I Really Didn’t Want to Increase My Favorability!
I Really Didn’t Want to Increase My Favorability!
Prev Detail Next
Read List 184

I Really Didn’t Want to Increase My Favorability! Chapter 179 Bahasa Indonesia

Qin Yunhe agak bingung ketika dia langsung memegang pergelangan tangannya. Apakah dia tidak takut ketahuan?

Namun, melihat seringai Xu Lin, dia langsung kesal. Apakah pria ini hanya ingin menghibur dirinya sendiri dengannya?!

“Apa yang sedang terjadi?”

“Mereka bersikeras agar aku datang dan memulai percakapan denganmu, jadi aku di sini.”

“Taruhan?” Qin Yunhe menatapnya dengan dingin.

“Eh…”

“Tidak lain kali!”

"Oke."

Xu Lin langsung layu, dan melepaskan tangannya, tetapi Qin Yunhe menariknya kembali dengan lembut, menggenggam tangannya.

“Alangkah menyenangkannya jika suatu hari nanti kita bisa berjalan di jalan seperti ini.”

"Kami akan."

Mendengar Qin Yunhe mengatakan ini, Xu Lin tiba-tiba merasa bersalah. Permintaan yang sangat kecil, namun mereka membuatnya tampak begitu sulit.

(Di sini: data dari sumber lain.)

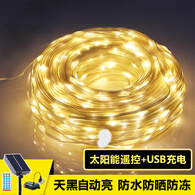 暮瑾太阳能led小彩灯闪灯串灯带户外家用庭院防水节日装饰霓虹灯树灯 50米暖色(太阳能遥控+USB充电)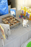 Because of the theme, we got him a lot of Eric Carle books and toys for his birthday, and we used them as decoration and entertainment at the party.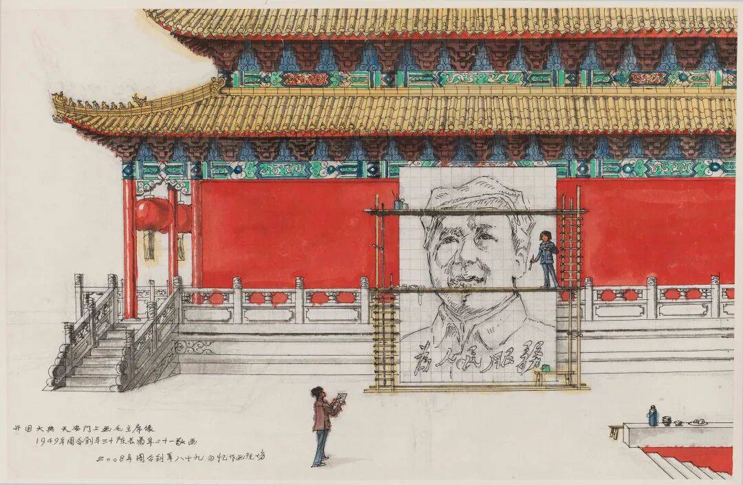 画面以城楼东侧红墙为远景,中景是,整体形体已基本完成。画像周围临时搭建两层脚手架,左右各设攀爬梯,结构简洁,功能齐全,符合高强度、限时完成的制作需求。陈若菊站在二层作业,右手执笔、左手持调色碗;前景中间的周令钊手拿一张小稿,似在与陈若菊沟通绘制细节。右侧台阶上摆放的暖壶、板凳、碗与盘中馒头等生活物件,提示了现场的工作节奏与临时条件。这个作品采用针管笔与水粉相结合的方式,建筑细部描绘严谨,色彩和谐,在纪实性的描绘中将观者带回开国大典筹备阶段的具体工作场景。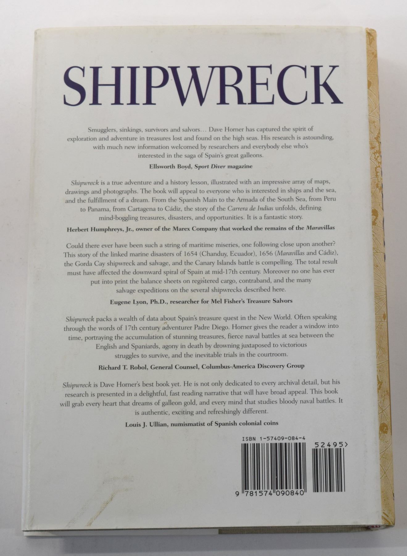 Horner, Dave. (Signed) SHIPWRECK: A SAGA OF SEA TRAGEDY AND SUNKEN TREASURE. Sheridan House Inc. 1999. 8vo, 295 pages; Hardcover w/ DJ; Inscribed by the author to Dan Thompson; Extensively researched story of the shipwreck and many subsequent salvage efforts of both "La Capitana" (which sank off Ecuador in 1654) and the "Maravillas" (which sank on Little Bahama Bank in 1656). The book includes both ancient and modern salvage efforts. Subject: History - Sunken Treasure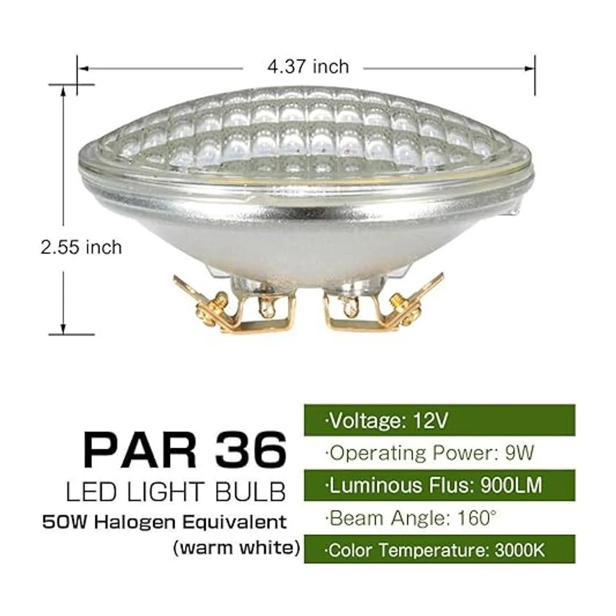 Zorykn PAR36 Bombilla LED de paisaje 9 W, 900 lm, 50 W, equivalente a halógeno, 3000 K, blanco cálido, 12 V CACC, resistente al agua, bombilla LED PAR36 para iluminación de paisaje, vehículos todoterreno, vehículos RV, tractor paquete de 4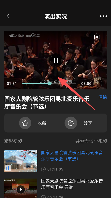 3、选择目标视频,进入播放页,观看演出实况内容。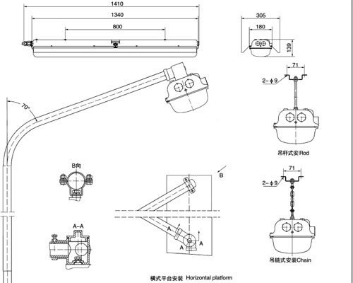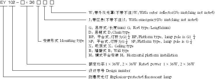 | 1、防爆标志:ExnAIIT6/DIP A20TA、T6; 2、 防护等级: IP66; 3、 电源: 1P+N+PE, 50~60Hz; 4、额定工作电压: AC187V~AC242V; 5、额定功率:1×36W、2×36W; 6、功率因素:≥0.95; 7、 应急时间:≥90min; 8、 应急转换时间:≤0.5s。 |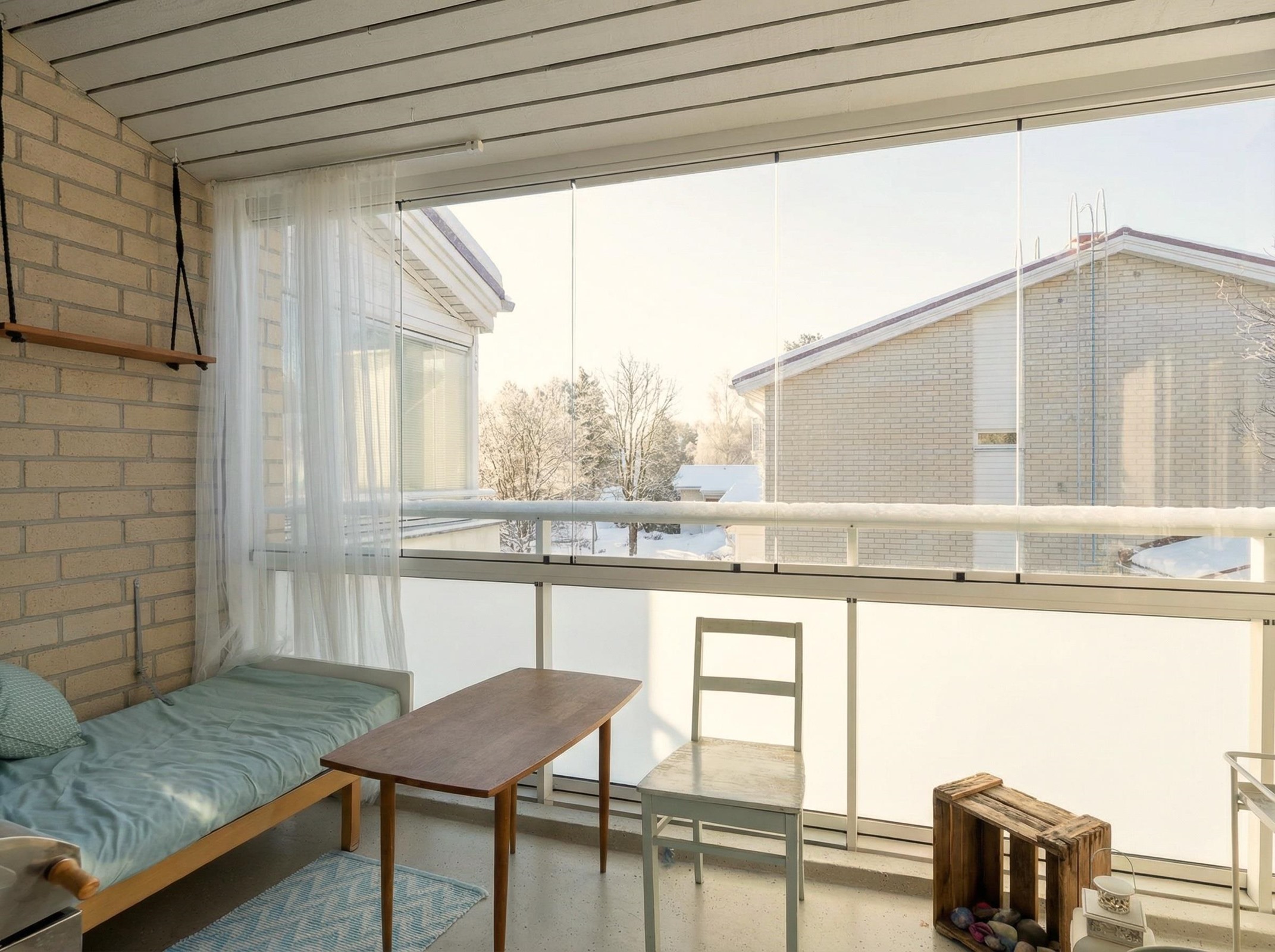 - Olohuone, keittiö ja parveke etelään, makuuhuoneet pohjoiseen.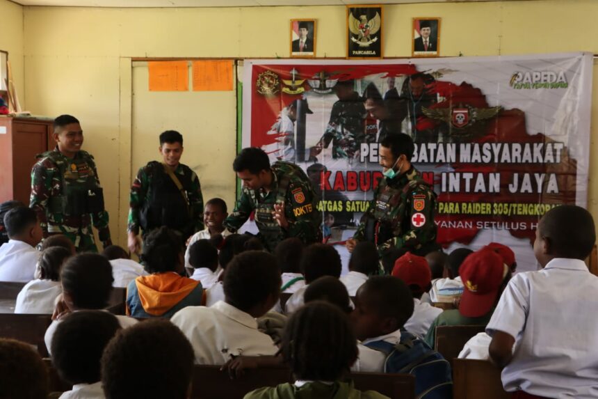 Tiffanews.co.id, Intan Jaya – Demi memanfaatkan waktu yang sangat singkat, yang mana rencananya hanya 9 bulan di Intan Jaya, para Ksatria Tengkorak tanpa kenal lelah, terus memberikan pelayanan kepada masyarakat. Bukan hanya ke kampung-kampung, sekolah pun didatangi, demi menemui bagian-bagian dari elemen masyarakat, yakni para Guru anak-anak sekolah di SD Inpres Yokatapa, Distrik Sugapa, Kab. Intan Jaya, Rabu (19/10/2022).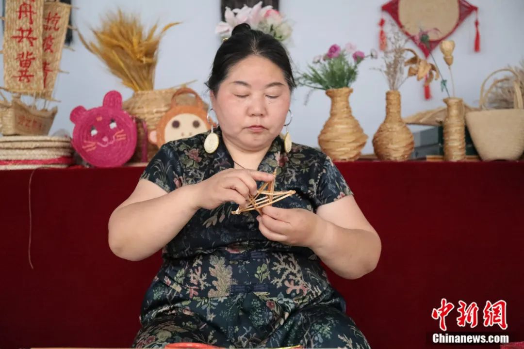 大名草編非遺傳承人王群英正在編制作品。大名縣委宣傳部 供圖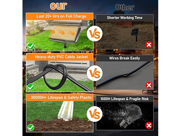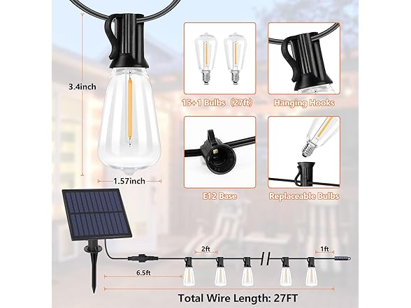 - 【Easy installation & Widely Used】Our solar powered string lights can be placed anywhere, either stuck into the ground or fixed to a wall. Designed with easy-to-install cup hooks on each bulb, these LED outdoor string lights are incredibly flexible and practical, making them perfect for a variety of spaces such as patios, backyards, decks, bistros, cafes, pergolas, gardens, markets, and more.

Meskipun Qin Yunhe menolak menjadi pacarnya, dialah yang memiliki lebih banyak kekhawatiran.

Duh~

“Kita sebenarnya bisa memberi tahu Guru Su tentang kita…”

“Jangan lakukan itu untuk saat ini, oke? Dengarkan aku dulu.”

"Baiklah."

Lalu mereka melepaskan pegangan tangan masing-masing dan berjalan menuruni tangga bersama-sama, menghadap dua sosok menyedihkan di bawah.

Yang seorang mencemaskan tusuk sate ayam, atau bolehkah aku katakan, uang, sementara yang lain mencemaskan dirinya sendiri.

"Halo."

“Halo, Pak Polisi.”

“Kamu Ma Zhiyu, kan? Aku tidak ada di kantor polisi hari itu, jadi orang lain yang menerima kamu dan pacarmu.”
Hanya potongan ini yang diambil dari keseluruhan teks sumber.